Abrams has emerged as her state party's leader-in-exile since then, at once the most prominent Democrat in Georgia and a national figure loathed by some Republicans. Top Democrats are feverishly courting her to run for the Senate next year against Perdue, while Republicans are readying for the race.

Shortly before her remarks, the Republican National Committee branded Abrams "Sore Loser Stacey" and the National Republican Senatorial Committee blasted out a 30-second video featuring snippets of her campaign-trail remarks that infuriated conservatives.

Abrams reflects a changing Democratic coalition that’s responded to Trump’s presidency with a more liberal approach. To keep pace with voters, the party is embracing politicians who focus on expanding its base rather than winning back moderates.

That was at the heart of Abrams’ bid for governor. She staked her campaign on energizing liberal voters with calls for new gun restrictions, an urgent appeal to expand Medicaid and more tax credits for lower-income families.
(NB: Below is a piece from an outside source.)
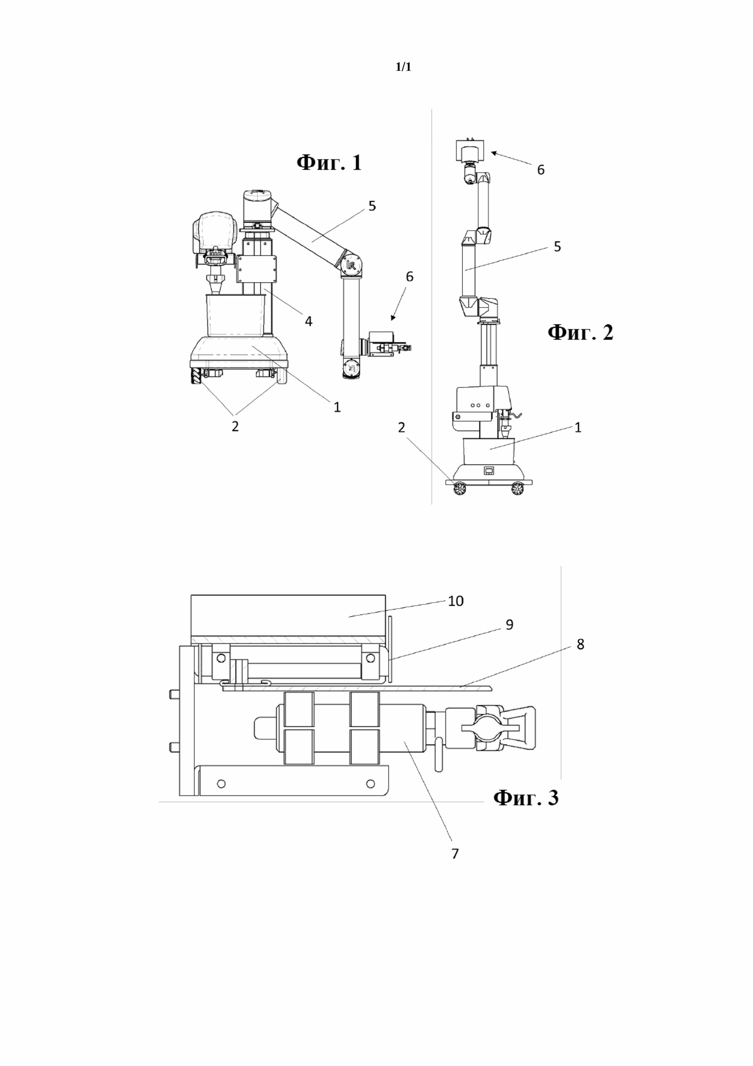 Настоящая полезная модель относится к автономному роботу для покраски внутренней части домов, коммерческих помещений, гостиниц и т. д. Этот робот представляет собой устройство, выполненное с возможностью покраски и обрисовки при распознавании препятствий в рабочей зоне, направленное на уменьшение усилий и времени, необходимых для выполнения этих операций. Данное устройство применимо в области дизайна интерьера и завершения небольших работ по отделке. УРОВЕНЬ ТЕХНИКИ Несмотря на последние технологические достижения в области строительства и улучшения в области технического обслуживания, вопрос покраски и реставрации внутренней части помещения остается весьма кустарным. Следовательно, это медленный и дорогостоящий процесс, особенно когда речь идет о больших внутренних поверхностях, которые нужно покрасить, таких как: салоны, большие поверхности, гостиницы и т. д. Объектом настоящей полезной модели является устройство для покраски, обрисовки и распознавания препятствий в рабочей зоне, направленное на уменьшение усилий и времени, необходимых для выполнения этих операций. Следовательно, персонал, отвечающий за реставрацию объектов на больших площадях, должен приложить значительные усилия для покраски высоких потолков и труднодоступных углов. Кроме того, положения, необходимые для достижения потолков или углов, часто бывают неправильными или труднодоступными и должны покрываться краской в несколько этапов из соображений гигиены труда. Заявителю не известны другие устройства, подобные устройству согласно настоящей полезной модели. КРАТКОЕ ОПИСАНИЕ СУЩНОСТИ Настоящая полезная модель относится к автономному роботу для покраски согласно формуле полезной модели, варианты осуществления которого решают проблемы предшествующего уровня техники. Основание в сборе руки робота представляет собой автономное устройство, которое позволяет покрасить все поверхности от минимального уровня – от уровня земли до потолка, что может составлять 3 метра и более, в зависимости от размеров помещения. Автономный робот для покраски состоит из подвижного основания с баком для краски и насосом или компрессором. Основание содержит ряд датчиков, выполненных с возможностью определения местоположения и обнаружения препятствий. По существу вертикальная подъемная колонна отходит от основания, на конце которого расположена сочлененная рука робота, увенчанная головкой. Эта головка содержит пистолет с краской, подключенный к насосу, например, пистолет «безвоздушного» типа, одну или более камер и датчик приближения. Предпочтительно, она также содержит выдвижной шпатель. В предпочтительном варианте осуществления основание содержит всенаправленные колеса. Каждая из камер головки может содержать источники света. Другие варианты будут описаны далее. ОПИСАНИЕ ЧЕРТЕЖЕЙ Для лучшего понимания настоящей полезной модели включены следующие фигуры. На фиг. 1 представлен вид спереди варианта осуществления устройства со сложенной рукой робота. На фиг. 2 представлен вид сбоку предыдущего иллюстративного варианта осуществления с развернутой рукой робота. На фиг. 3 представлена деталь примера головки. ВАРИАНТЫ ОСУЩЕСТВЛЕНИЯ ПОЛЕЗНОЙ МОДЕЛИ Далее будет кратко описан вариант осуществления настоящей полезной модели в качестве ее иллюстративн

Her speech Tuesday echoed that platform. She blasted a GOP tax cut she said “rigged the system against working people,” urged lawmakers to protect the Affordable Care Act and called on Congress to fight climate change.

But she put expanding ballot access in a paramount role, saying that all those policies can’t be enacted if there are threats to “undermine our right to vote.” Surrounded by supporters who faced troubles casting ballots, she called the fight over voting rights the “next battle for our democracy.”

“We must reject the cynicism that says allowing every eligible vote to be cast and counted is a ‘power grab,’ ” she said.

“The foundation of our moral leadership around the globe is free and fair elections,” Abrams said, “where voters pick their leaders — not where politicians pick their voters.”